Kirkus, starred review
Jo Harkin, Tell Me an Ending
(Scribner)
“This high-concept debut asks an interesting question: What if we could edit our memories? . . . Harkin builds a picture of a world radically altered by a controversial technology and of people who are learning that you can’t change the past without impacting the present. An intellectually and emotionally satisfying thriller.”
Booklist
Louise Candlish, The Heights
(Atria)
“Dark, disturbing, and deeply affecting, this humdinger of a story is full of unexpected twists and is sure to keep readers riveted from first page to last.”
Booklist, starred review
Susan Jonusas, Hell’s Half-Acre
(Viking)
“An impressive and deeply unsettling account of the Benders . . . Radiant prose . . . enhances the page-turning narrative.
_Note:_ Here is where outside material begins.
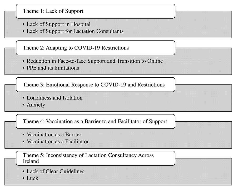 Five key themes were identified: ‘Lack of Support’, ‘Adapting to COVID-19 Restrictions’, Emotional Response to COVID-19 and Restrictions’, Vaccination as a Barrier to and Facilitator of Support’ and Inconsistency of Lactation Support Across Ireland’. Both lactation consultants and mothers identified similar issues however, slight variations within lactation consultants' perceptions of mothers’ and mothers’ attitudes towards online services were seen. An unanticipated finding was the lack of support in hospitals pre-COVID-19.

The combination of true crime and a vivid depiction of frontier life earn this a spot on the shelf next to David Grann’s Killers of the Flower Moon.”
Publishers Weekly, starred review
SJ Bennett, All the Queen’s Men
(William Morrow)
“[A] pitch-perfect murder mystery… If The Crown were crossed with Miss Marple…, the result would probably be something like this charming whodunnit.”
Ruth Ware
Benjamin Gilmer, The Other Dr. Gilmer
(Ballantine)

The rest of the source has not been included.